§ **About this task**
In the material below, find the line with "一是提高環境整潔度。在施工期"; set down that line and every line after it to the end, exactly, without pictures.

§ **Dataset records**
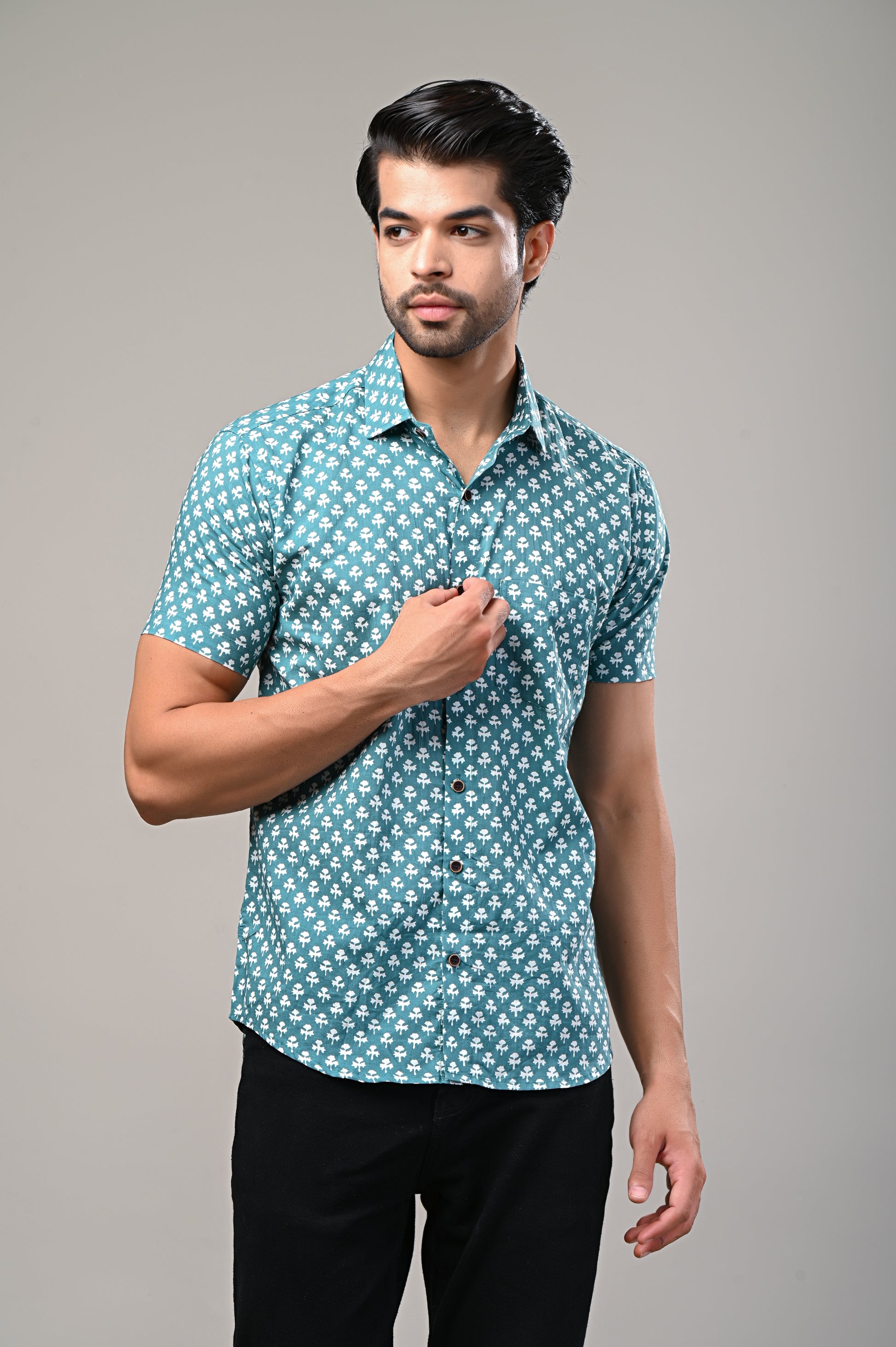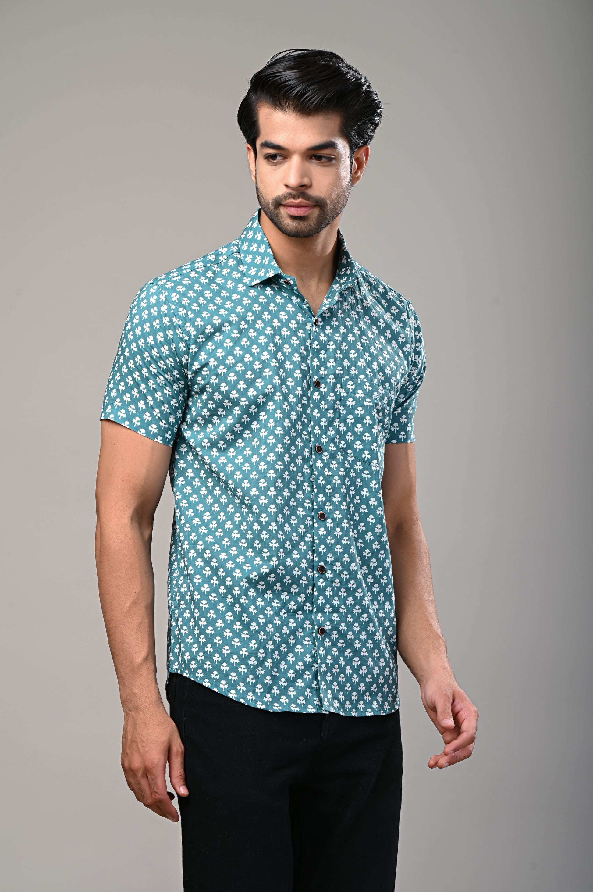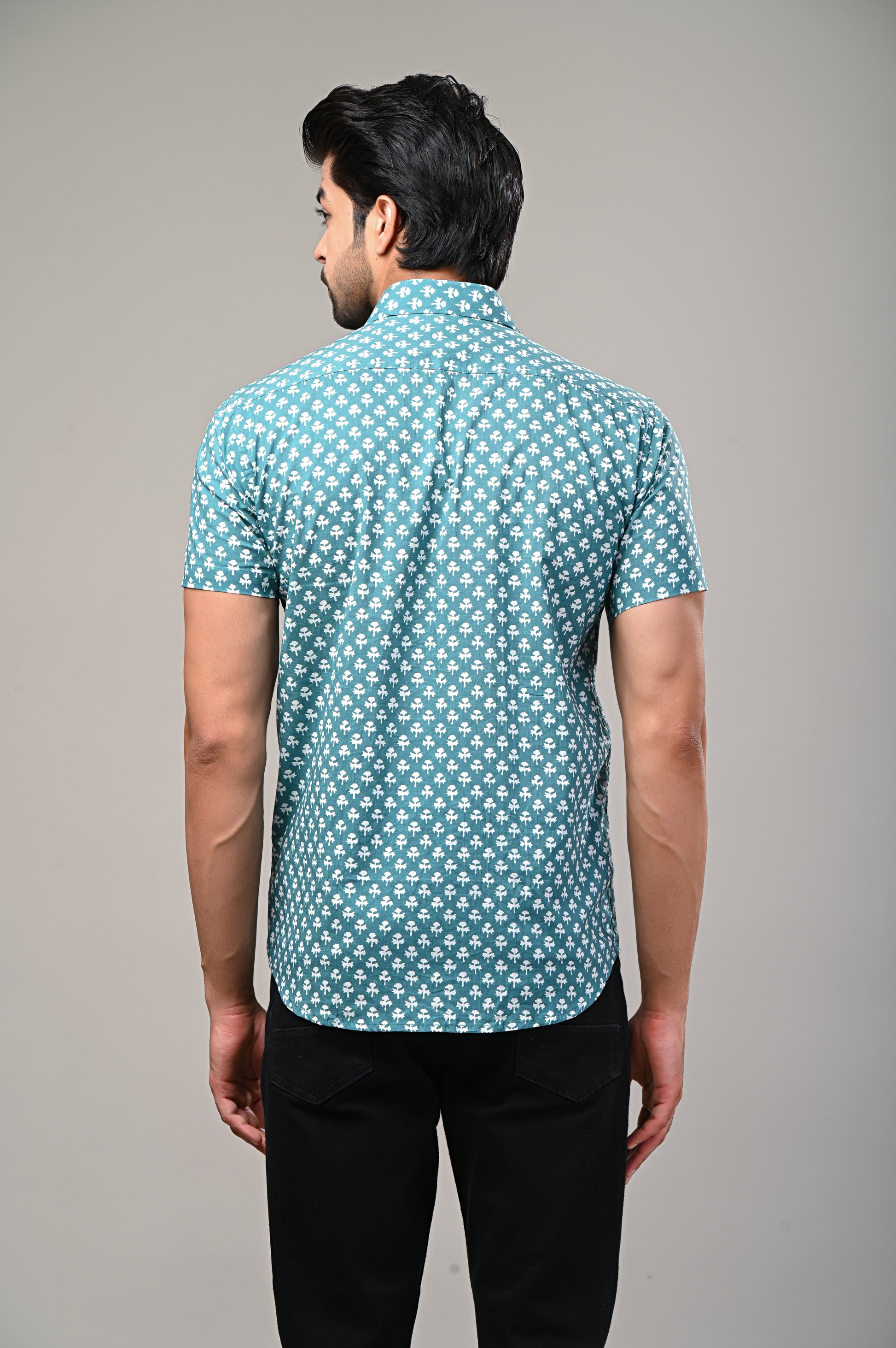 Teal Breeze Printed Men’s Half Sleeve Shirt
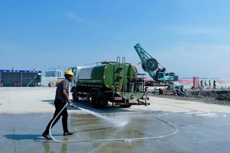 一是提高環境整潔度。在施工期間,對施工現場主要通道、道路進出口、材料加工區、生活辦公區進行硬化處理。安排灑水車輛定時傾灑施工便道,確保道路干凈無淤泥、無浮土、無積水。做好圍擋全封閉、土方挖運作業降塵、渣土車輛密閉運輸、裸露地面全覆蓋等工作,將揚塵管控作為日常工作常抓不懈。
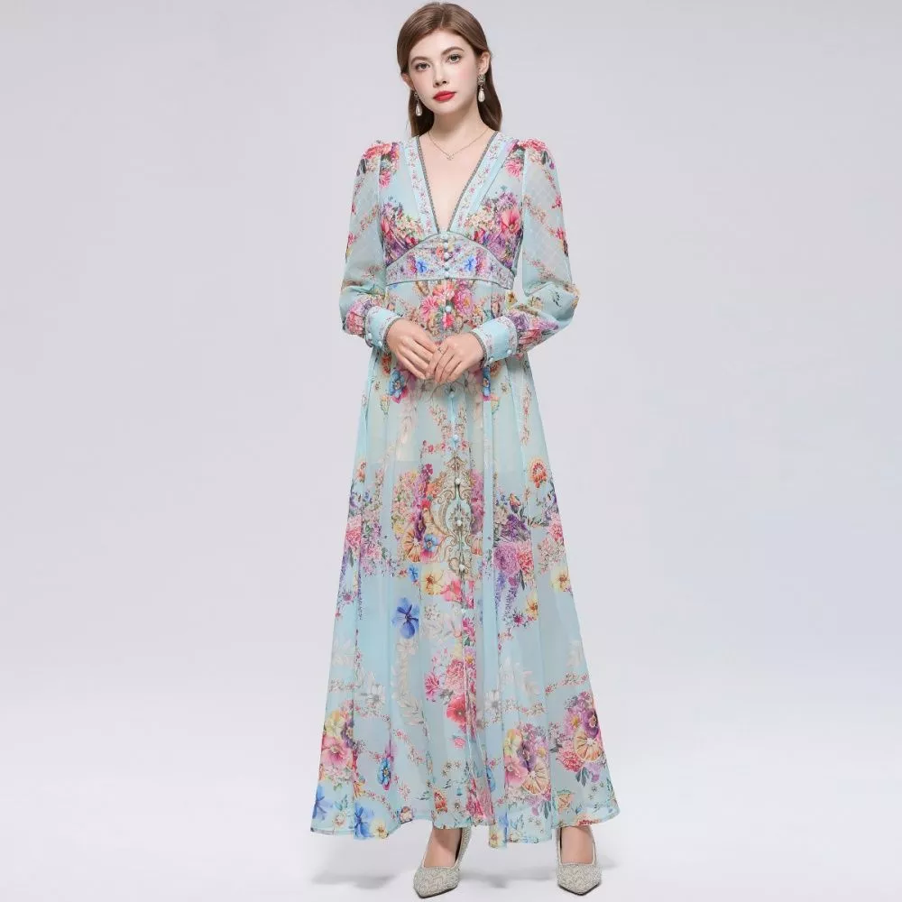 Vestito Lungo Donna Azzurro Floreale Raffinato con Maniche Lunghe CF71014
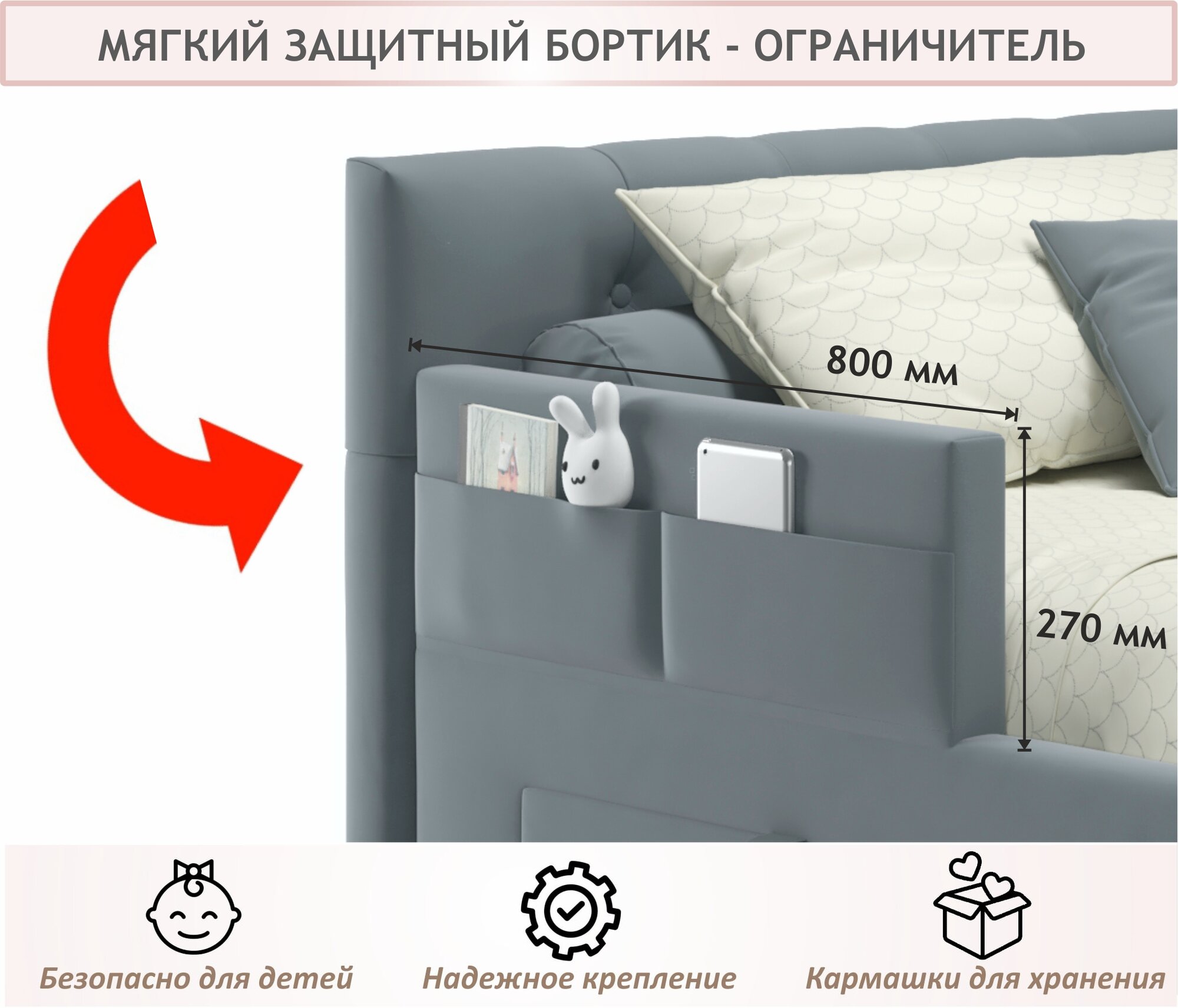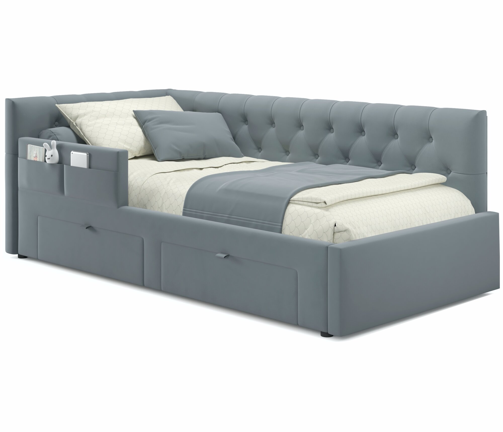 Купить Односпальная кровать-тахта Afelia Zeppelin с ящиками и бортиком 900 серая
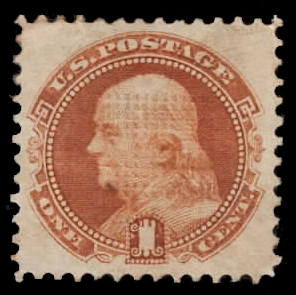 1869, 1¢ buff (Scott 112), well centered, large part o.g. with some gum soaks in the grill; tiny trivial natural paper inclusion, almost Very Fine.
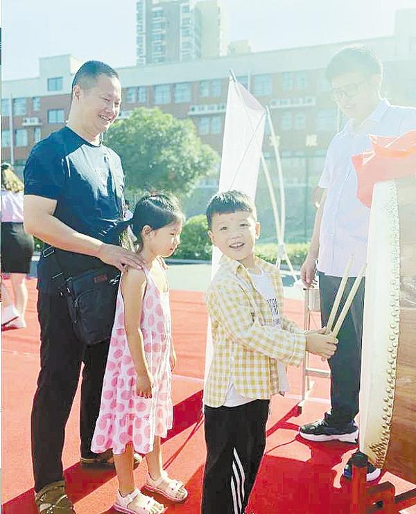 9月5日上午,周口莲花路奔腾小学一年级新生在家长陪伴下齐聚校园,参加“我是小学生"新生入学仪式。伴随着少先队员们隆重的迎新仪式,端正衣冠、朱砂启智、启蒙描红、击鼓鸣志(如图)……一道道传统礼仪,点亮孩子童年新纪元。 通讯员 奔腾 摄

§ **Task result**
 一是提高環境整潔度。在施工期間,對施工現場主要通道、道路進出口、材料加工區、生活辦公區進行硬化處理。安排灑水車輛定時傾灑施工便道,確保道路干凈無淤泥、無浮土、無積水。做好圍擋全封閉、土方挖運作業降塵、渣土車輛密閉運輸、裸露地面全覆蓋等工作,將揚塵管控作為日常工作常抓不懈。
 Vestito Lungo Donna Azzurro Floreale Raffinato con Maniche Lunghe CF71014
 Купить Односпальная кровать-тахта Afelia Zeppelin с ящиками и бортиком 900 серая
 1869, 1¢ buff (Scott 112), well centered, large part o.g. with some gum soaks in the grill; tiny trivial natural paper inclusion, almost Very Fine.
 9月5日上午,周口莲花路奔腾小学一年级新生在家长陪伴下齐聚校园,参加“我是小学生"新生入学仪式。伴随着少先队员们隆重的迎新仪式,端正衣冠、朱砂启智、启蒙描红、击鼓鸣志(如图)……一道道传统礼仪,点亮孩子童年新纪元。 通讯员 奔腾 摄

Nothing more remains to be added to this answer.